Fair informs people who think they can't afford a house

By Danielle Thomas - bio | email

BILOXI, MS (WLOX) - Dozens of people involved in the housing industry came together to help people achieve their dream of home ownership. Several groups partnered with the Mississippi Development Authority to put on the first Housing Opportunities Made Easy or 'HOME' fair in Biloxi.

Organizers say their goals were to give out helpful information and dispel misconceptions. Dr. John McKee says a desire to help people led him to a housing fair in Biloxi.

"I'm a physician," said Dr. McKee. "A lot of people who work in our offices have housing requirements and needs, and I wanted to find out what opportunities were available for them, as well."

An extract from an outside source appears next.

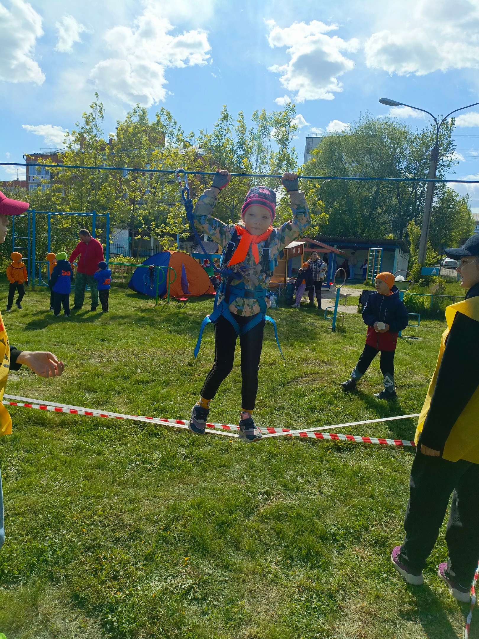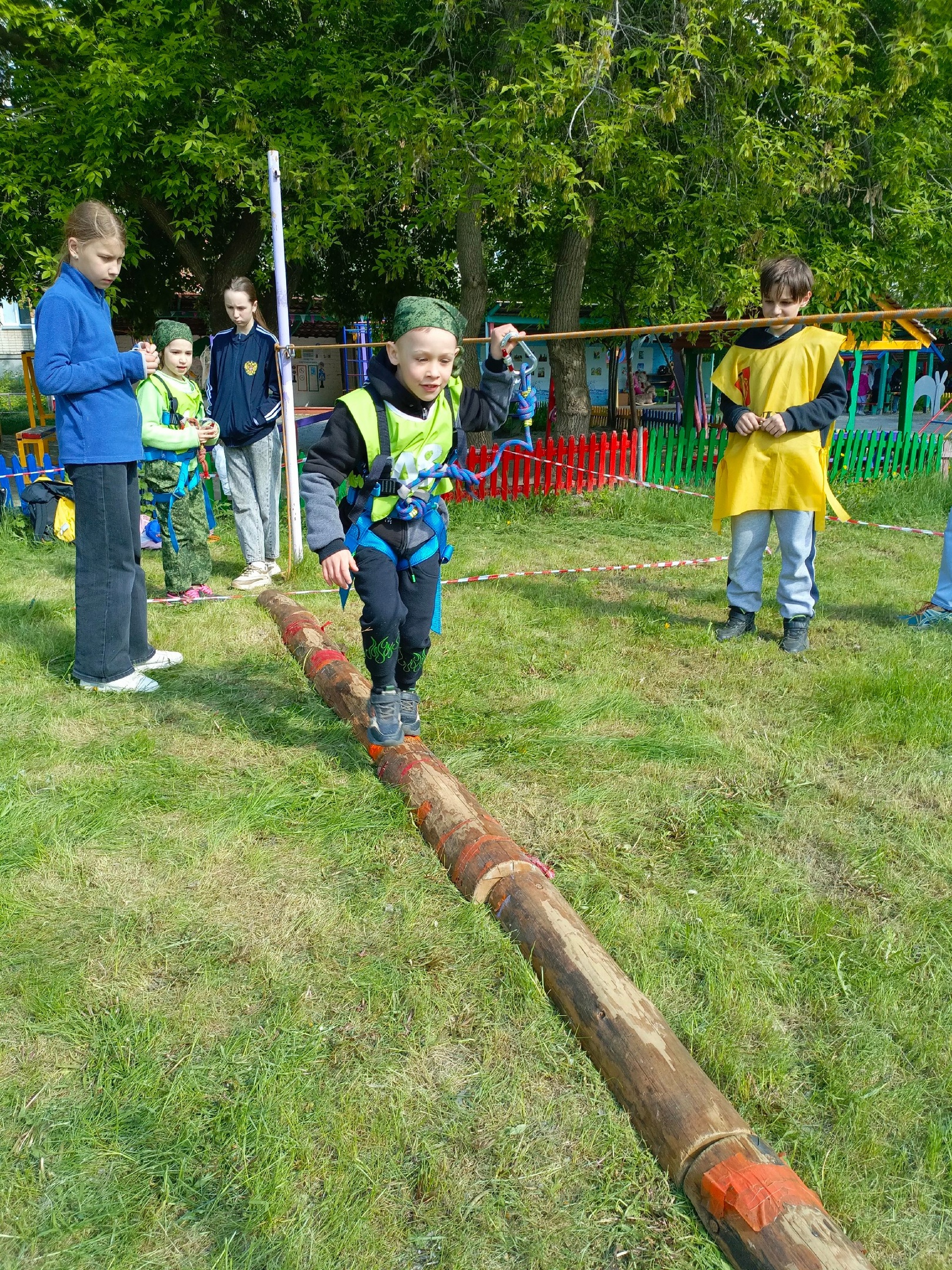 Дистанция состояла из нескольких этапов. Командам нужно было сложить дрова для костра, выложить знак, перепрыгнуть с кочки на кочку через «болото», пройти по бревну, проползти препятствия, преодолеть переправу по параллельным перилам, переправиться при помощи маятника через «овраг» .

The 'HOME' fair provided a chance for people looking for affordable housing to talk face to face with dozens of lenders, builders, counselors, realtors and more. Kim LaRosa is president of Gulf Coast Renaissance Corporation.

"It is a time saver," LaRosa said. "Instead of running around from agency to agency trying to figure out what is available for me, you come here."

"You can talk to everybody literally. You can walk around this room. You can find out about all the different programs and who would qualify you for a loan in today's lending market."

Because of increasing loan restrictions, housing experts say people often assume they don't meet the qualifications for buying a house.

"Most people are hesitant because of credit issues," said Reginald J. Esteen, counseling supervisor. "We can work with them on their credit issues to help them to clear up some discrepancies. There is also down payment assistance. They're hesitant because they don't have the down payment."

Dr. John McKee says it was nice to have so many friendly faces ready to answer his questions.

"It's great to have the individuals here," Dr. McKee said. "A lot of times you read an article, but here, you can actually talk with the people."

Housing counselors say not only do they help residents find funding to buy homes, but they also require people to take financial classes. Those classes are designed to help people avoid the pitfalls of foreclosure and adjustable rate mortgages.